In the absence of cohort effects, population norms based on cross-sectional data could be used to describe population average scores. However, taking norms from cross-sectional data fails to utilise all of the information available from population-based longitudinal studies. This analysis employs methods that overcome these issues and calculates norms based on the complete data resource. Research has also suggested that more recent birth cohorts perform better [14]. Relatively little work has been carried out over prolonged periods in population representative samples. Studies with a long follow-up that have provided findings have tended to be volunteer cohorts [15] or specialised samples [16, 17]. A previous study by our group presented Mini-Mental State Examination (MMSE) norms in a population-based sample of individuals aged 65 years and above [18]. This paper extends that work by providing a detailed discussion of the cohort, sex, education, social class, and centre (region of residence) effects on mean MMSE scores by age.

Methods

Data stem from the Medical Research Council Cognitive Function and Ageing Study (MRC CFAS, http://www.cfas.ac.uk). CFAS, which began in 1989, is a population-based study of individuals aged 65 years and over from six centres in England and Wales [19]. Five of the centres had a standardised study design and are analysed here: Cambridgeshire (n = 2,601), Gwynedd (n = 2,625), Newcastle (n = 2,524), Nottingham (n = 2,514), and Oxford (n = 2,740). Cognition was assessed using the MMSE [20] at baseline and after two, six, and ten years of follow-up. The study sample is described in detail in Additional file 1: Appendix 1. MRC CFAS has multi-centre research ethics committee’s approval and ethical approval from the relevant local research ethics committees. Written informed consent for participation in the study was obtained from participants.

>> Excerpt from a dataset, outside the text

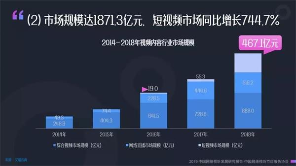 2018年整个视频内容行业的市场规模为1871.3亿元,作为视频产业的“生力军”,短视频市场增速最快,从2017年的55.3亿元增长到467.1亿元,同比增长744.7%。

Social class and education

Occupations were coded according to the Registrar General’s occupation-based social class divisions using Computer Assisted Standard Occupational Classification software [21]. Non-manual (I-IIINM) occupation was compared to manual (IIIM-V). Self-reported education was split into statutory or less (≤9 years) and more than statutory (10+ years).

Statistical analysis

A detailed description of the analysis methodology has been reported previously [22, 23]. Briefly, the methods account for all of the longitudinal data and adjustments are made for individuals who have missing information using inverse probability weighting. Individuals are initially regressed against missing the next longitudinal data point based on their age, sex, centre, living alone, education, study route to interview and MMSE seen at the last non-missing interview. The model is then expanded to estimate a regression coefficient for their missing MMSE score which has the effect of removing the need for the prior regression coefficient for MMSE from the model (when the coefficient in the logistic regression equals zero). The predicted probabilities from this model are then used to define the inverse probability weights. These weights are then combined with a generalisation weight back to the original population to create a complete weight per individual per interview.

These weights are then used within a standard cubic spline regression model with knots at ages 70, 75, 80, and 85. This was to allow a flexible but smooth relationship between mean MMSE and age (entered as a linear term). Terms for cohort effects were also estimated in the models; cohorts were defined by age group at baseline (65–69, 70–74, 75–79, 80–84, or 85+). Socio-demographic groups were not constrained to have the same cohort effect.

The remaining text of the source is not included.